**SUPPLIED MATERIAL:**
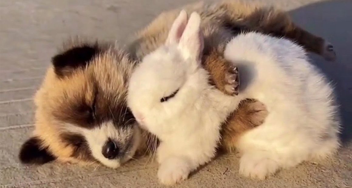Puppy And Bunny Friends Come Together For A Nap And Fall Asleep Hugging
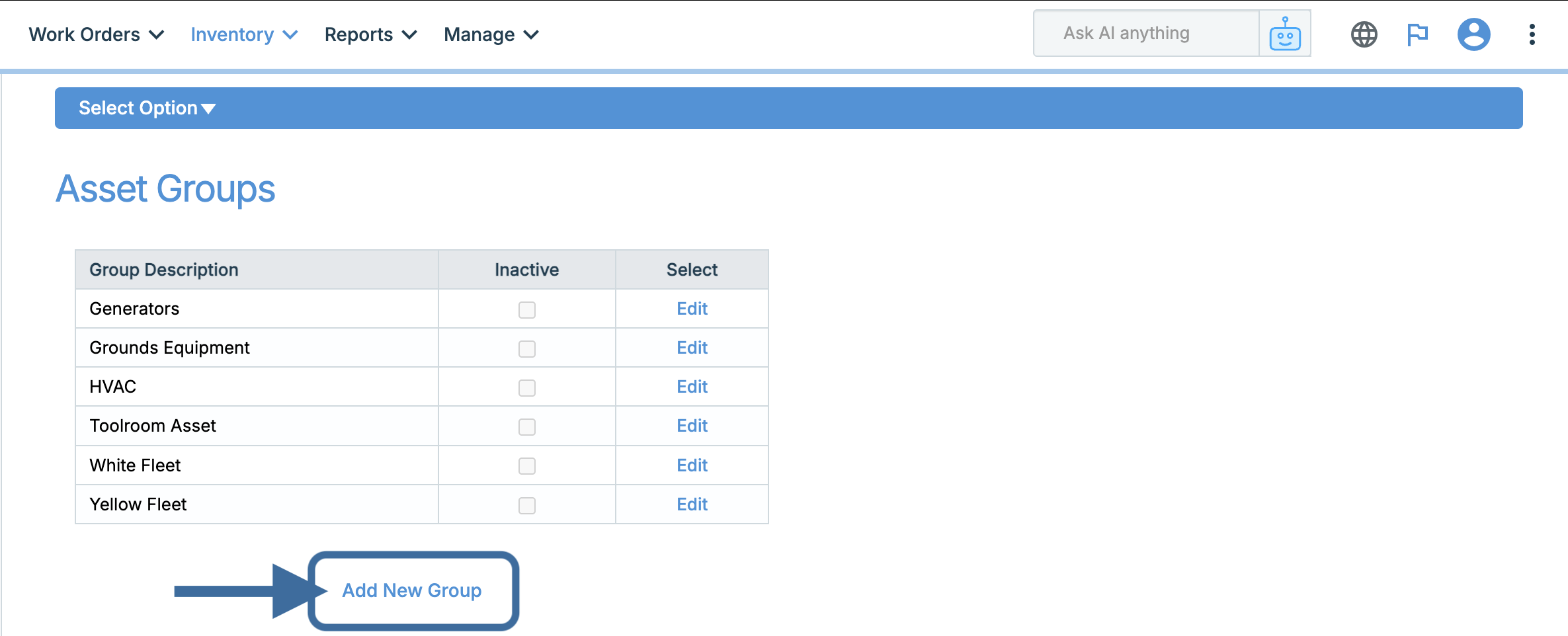 Assets belong to various groups like Generators, HVAC, Vehicles etc. These groupings allow you to appropriately sort your assets lists to focus on the specific type of asset you are working with. Asset groups can be added by going to Inventory > Assets > Asset Groups and clicking Add New Group. To view these groups, you can export asset data by going to Reports > Exporting > Export Asset Data.
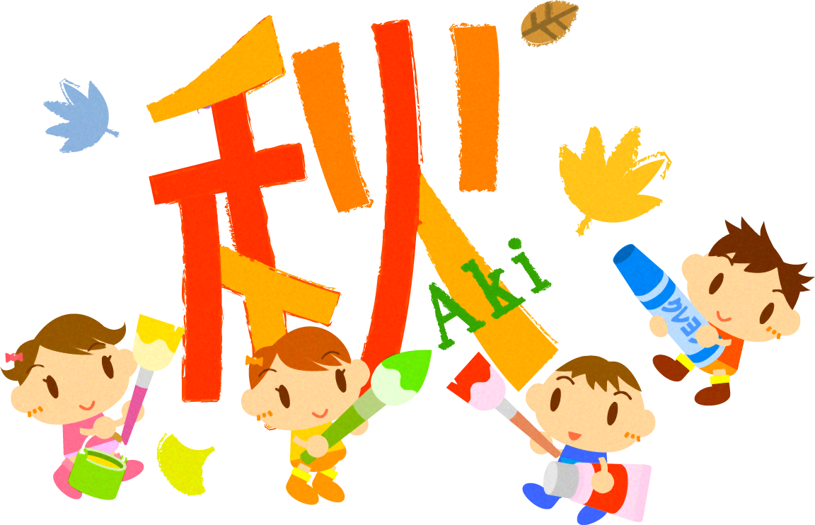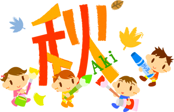 9月イラスト。秋の文字を描く子供たちのイラスト素材。

**EXERCISE DESCRIPTION:**
Leave the pictures aside and print exactly, and only, the lines from the one with "Assets belong to" through the end of the data, both included.

**EXERCISE RESPONSE:**
 Assets belong to various groups like Generators, HVAC, Vehicles etc. These groupings allow you to appropriately sort your assets lists to focus on the specific type of asset you are working with. Asset groups can be added by going to Inventory > Assets > Asset Groups and clicking Add New Group. To view these groups, you can export asset data by going to Reports > Exporting > Export Asset Data.
 9月イラスト。秋の文字を描く子供たちのイラスト素材。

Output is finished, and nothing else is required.